FIG. 1 is a block diagram of the operating principle of a protective relay for a system according to an embodiment of the present invention, FIG. 2 is a flowchart of FIG. 1, FIG. 3 is a diagram of the principle of guaranteeing phase characteristics of the present invention, and The figure is a block diagram of the operating principle of a conventional protective relay, and FIG. 5 is a diagram of the operating characteristics of a general differential protective relay.

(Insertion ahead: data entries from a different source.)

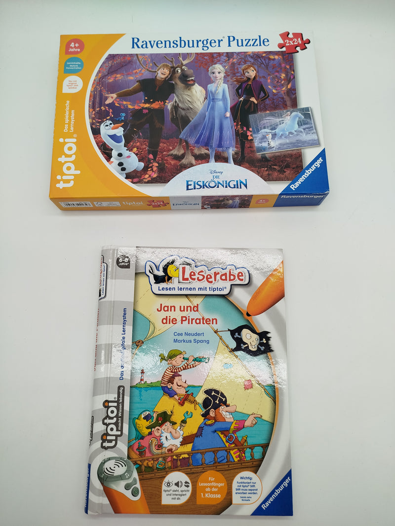 Hol dir das Ravensburger Puzzle-Set mit dem spannenden Disney Die Eiskönigin-Thema und dem interaktiven Leserabe-Buch "Jan und die Piraten"! Dieses Set, perfekt für die Kleinen ab 4 Jahren, umfasst zwei 24-teilige Puzzles und ein Tiptoi-kompatibles Buch für interaktives Lernen und Spaß. Die Puzzle-Stücke sowie die Verpackung weisen nur minimale Gebrauchsspuren auf, sind aber vollständig und gut erhalten. Gib diesem Spielzeug ein neues Zuhause und bringe Spannung und Bildung ins Kinderzimmer! Hinweis: Enthält Kleinteile, nicht geeignet für Kinder unter 3 Jahren. Erstickungsgefahr!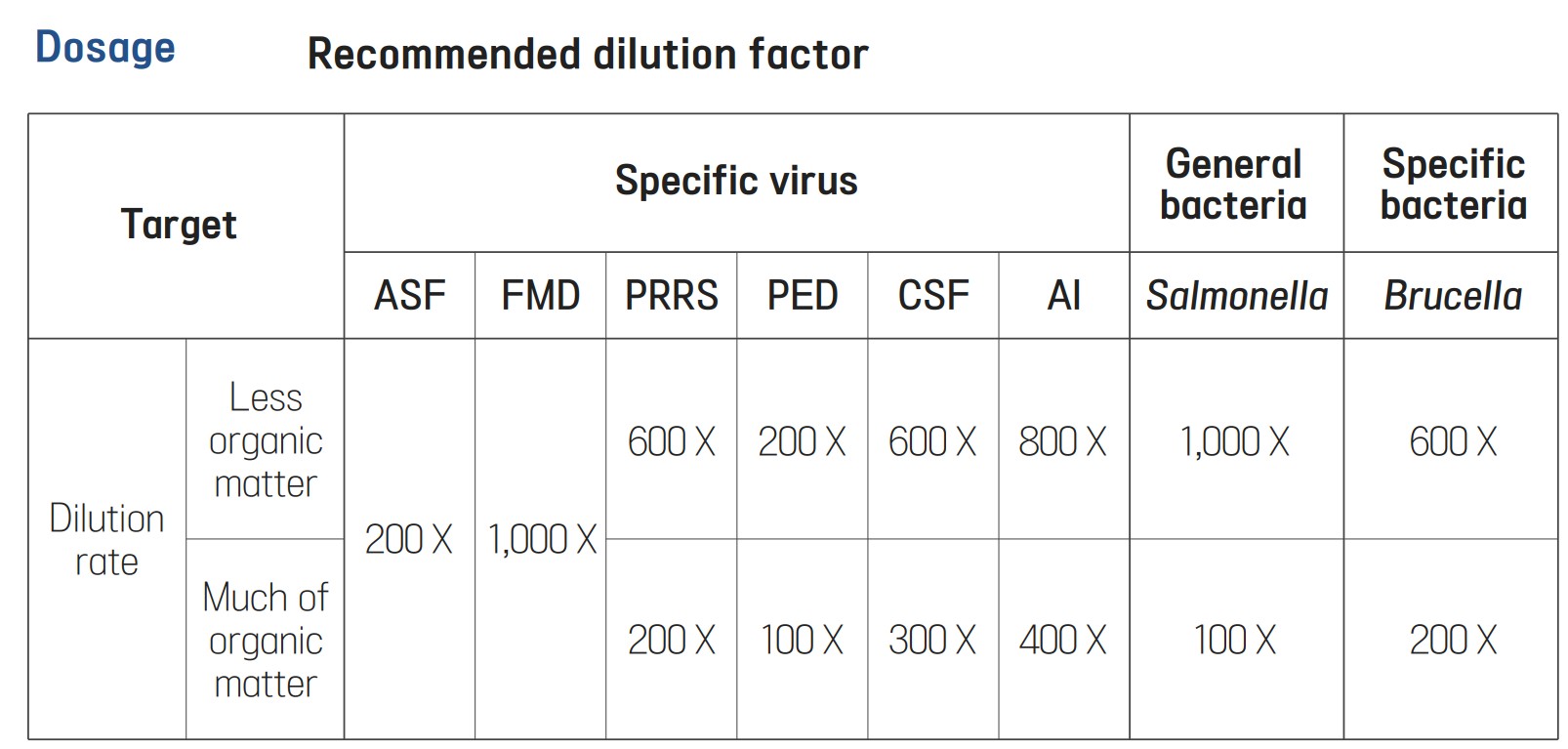 In case of disinfecting several diseases at the same time, dilute the product with the lowest dilution factor (high concentration).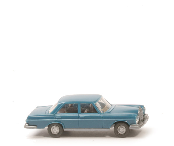 Farbe Karosserie | azurblau | Scheinwerfer | klar, eingeklebt | Fläche hinter Scheinwerfern | nicht bemalt | Grill | silbern, eingesetzt, mit Stern | Inneneinrichtung | ca. lichtgrau | Lenkrad | separat eingesetzt, ca. perlweiß | Chassis Farbe | silbern | Bodenprägung | Mercedes 280 S, WIKING Germany, 15 s | Bemalung Rückleuchten | ohne | Räder | Riffelkappe gesilbert |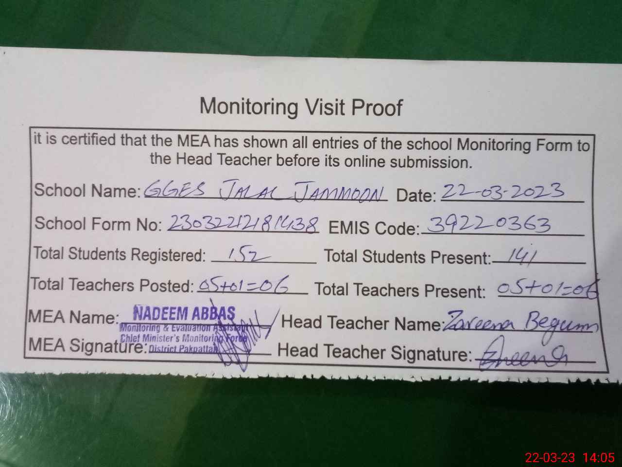 | Attendance Register | Head Teacher | MEA with School | Visit Proof |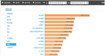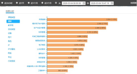 截止3月4日,经管系网络营销课程连续两日保持全院课程活跃度第一,生产与运作管理、财务管理、管理信息系统、电子商务、公共政策学、基础会计、财务管理等课程均保持全院课程活跃度前十名。从专业方面看,经管系电子商务专业持续保持全院活跃度第一。财务管理、工商管理、会计学、行政管理等专业分别位列第二、第三、第七和第九。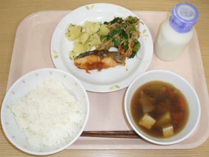 今日は旬のおいしい野菜をいろいろと使った給食でした。根菜をたくさん入れた「けんちん汁」、青々とした小松菜を使った「野菜のごまだれかけ」。野菜をたっぷり食べて、病気に負けない体づくりをしていきましょう。
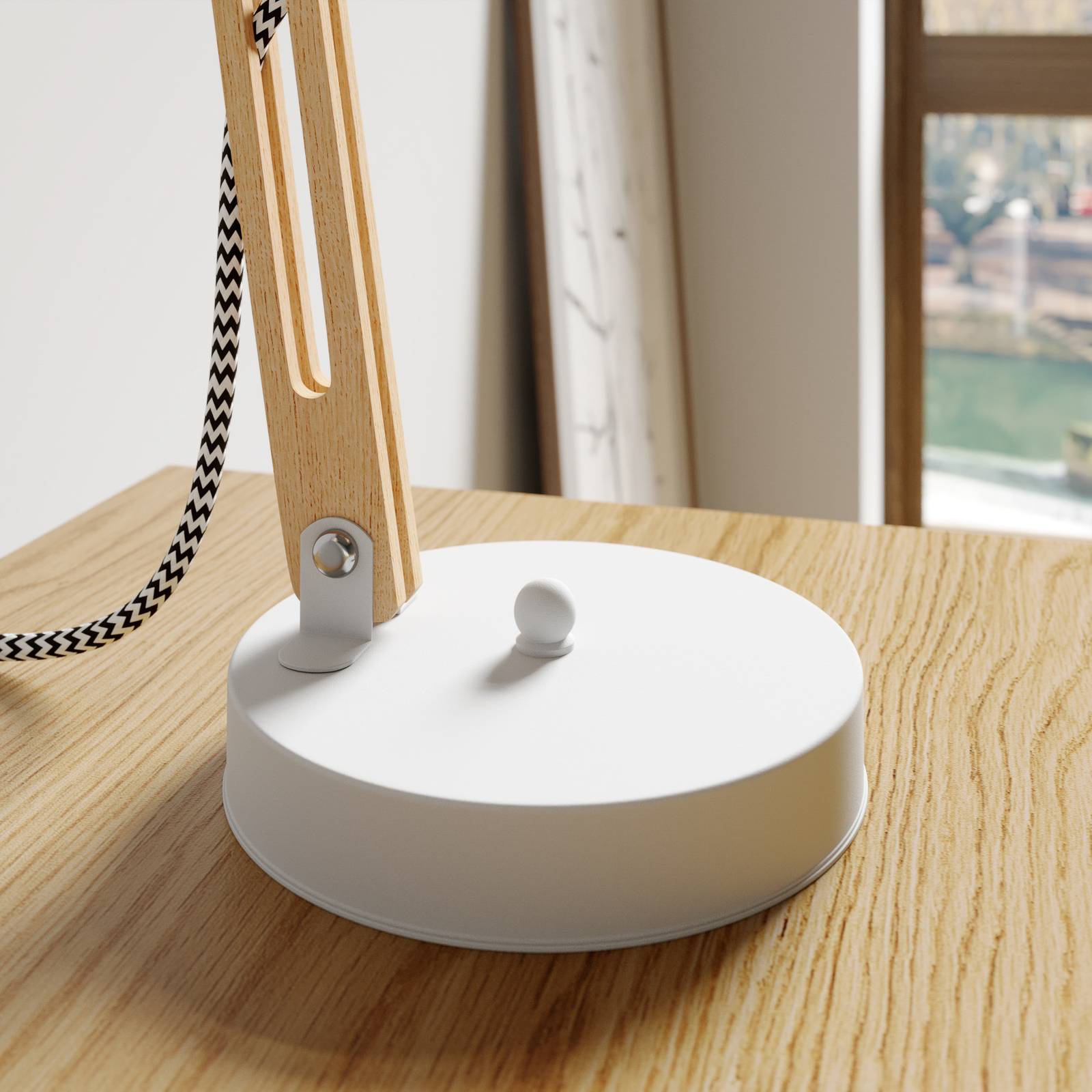 Lamkur Lampada da tavolo Skansen, regolabile, bianco, per soggiorno / sala da pranzo, legno, metallo, E27, 60 W, altezza: 44 cm

In the figure, 1 is a rectification element, 2 is a second maximum value derivation element, 3 is a vector addition element, 4 is a rectification element, 5 is a storage element, 6 is a first maximum value derivation element,
7 is a first determination element, 8 is a return timer element, 9
is an effective value calculation element, 10 is a second judgment element, 11
is an inhibit element, 12 is a ratio lock element (first comparison judgment element), and 13 is a differential element (second comparison judgment element).

Claims (1)

[Scope of Claims] 1. A vector addition element that vector adds instantaneous values of currents sampled from a plurality of systems, a rectification element that takes the absolute value of the addition amount vector-added to the vector addition element, and a rectification element that takes the absolute value of the addition amount added to the vector addition element, and a storage element that stores an output; a maximum value derivation element that selects a current sampled from the plurality of systems with a maximum absolute value of instantaneous values and outputs the maximum absolute value as a suppression amount; The absolute value of the addition amount of the current sampling vector-added to the vector addition element and the absolute value of the addition amount of the previous sampling stored in the storage element are compared, the larger one is selected as the differential amount, and the differential amount is Lock or non-lock is determined based on the ratio between the amount and the suppression amount output from the maximum value derivation element, but if there is a fact that lock has been determined several samplings ago, it is forcibly set to lock. Operation/non-operation is determined based on the first comparison judgment element, the absolute value of the addition amount of the current sampling vector added to the vector addition element, and the absolute value of the addition amount of the previous sampling stored in the storage element. Second to do
A protective relay comprising: a comparison determination element; and an inhibiting element that outputs an operation signal only when the first comparison determination element is non-locked and the second comparison determination element is activated. 2. As a circuit configuration of the first comparison and determination element,
a first maximum value deriving element that takes in the outputs of the rectifying element and the storage element; and a second maximum value that selects the instantaneous maximum value of the absolute value of the output of the first maximum value deriving element and the amount of current in the system. Claim 1, characterized by comprising: a first determination element that compares the output of the value derivation element; and a return timer element that causes the output signal of the first determination element to have a predetermined delay time. The protective relay described in item 1. 3 The configuration of the second comparison and determination element includes an effective value calculation element that takes in the outputs of the rectification element and the storage element, and a second element that determines the level of the output of the effective value calculation element as a predetermined constant value. 2. The protective relay according to claim 1, further comprising: a determining element.